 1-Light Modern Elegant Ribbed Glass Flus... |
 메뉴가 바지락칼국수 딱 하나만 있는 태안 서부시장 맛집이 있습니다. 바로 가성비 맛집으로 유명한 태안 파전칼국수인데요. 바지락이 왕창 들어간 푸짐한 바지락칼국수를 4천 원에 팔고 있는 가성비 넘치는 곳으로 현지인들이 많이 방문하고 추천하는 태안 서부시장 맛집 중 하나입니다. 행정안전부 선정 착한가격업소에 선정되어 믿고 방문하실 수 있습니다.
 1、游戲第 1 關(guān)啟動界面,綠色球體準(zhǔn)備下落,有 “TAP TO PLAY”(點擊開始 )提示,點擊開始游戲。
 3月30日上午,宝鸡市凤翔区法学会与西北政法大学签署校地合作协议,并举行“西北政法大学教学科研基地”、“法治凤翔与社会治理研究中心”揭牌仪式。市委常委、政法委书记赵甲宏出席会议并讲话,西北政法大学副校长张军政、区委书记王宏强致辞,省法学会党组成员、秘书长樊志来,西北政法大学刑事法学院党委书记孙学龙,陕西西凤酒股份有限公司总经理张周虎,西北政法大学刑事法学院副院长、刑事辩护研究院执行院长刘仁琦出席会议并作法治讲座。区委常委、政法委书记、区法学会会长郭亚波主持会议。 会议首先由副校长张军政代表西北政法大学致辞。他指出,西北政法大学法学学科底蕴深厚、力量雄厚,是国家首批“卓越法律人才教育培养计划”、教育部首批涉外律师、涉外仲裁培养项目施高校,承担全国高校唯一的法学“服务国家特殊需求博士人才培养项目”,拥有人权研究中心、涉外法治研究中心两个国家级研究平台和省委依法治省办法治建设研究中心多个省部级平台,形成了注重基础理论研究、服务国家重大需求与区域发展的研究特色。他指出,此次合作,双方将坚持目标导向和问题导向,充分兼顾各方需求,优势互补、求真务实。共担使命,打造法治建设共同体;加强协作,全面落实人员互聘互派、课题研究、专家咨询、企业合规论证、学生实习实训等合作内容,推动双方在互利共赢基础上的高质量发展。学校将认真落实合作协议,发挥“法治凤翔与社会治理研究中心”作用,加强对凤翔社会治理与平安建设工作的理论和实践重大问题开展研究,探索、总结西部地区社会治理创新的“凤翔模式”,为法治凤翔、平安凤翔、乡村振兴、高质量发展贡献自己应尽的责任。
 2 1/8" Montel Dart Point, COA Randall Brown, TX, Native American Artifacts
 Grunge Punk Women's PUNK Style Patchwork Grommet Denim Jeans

- **Your goal**: All lines from the beginning of the material above through the one with "1、游戲第 1 關(guān)啟動界面,綠色球體準(zhǔn)備下落,有" need to be returned exactly; please return those and only those.

- **Output of the task**:
 1-Light Modern Elegant Ribbed Glass Flus... |
 메뉴가 바지락칼국수 딱 하나만 있는 태안 서부시장 맛집이 있습니다. 바로 가성비 맛집으로 유명한 태안 파전칼국수인데요. 바지락이 왕창 들어간 푸짐한 바지락칼국수를 4천 원에 팔고 있는 가성비 넘치는 곳으로 현지인들이 많이 방문하고 추천하는 태안 서부시장 맛집 중 하나입니다. 행정안전부 선정 착한가격업소에 선정되어 믿고 방문하실 수 있습니다.
 1、游戲第 1 關(guān)啟動界面,綠色球體準(zhǔn)備下落,有 “TAP TO PLAY”(點擊開始 )提示,點擊開始游戲。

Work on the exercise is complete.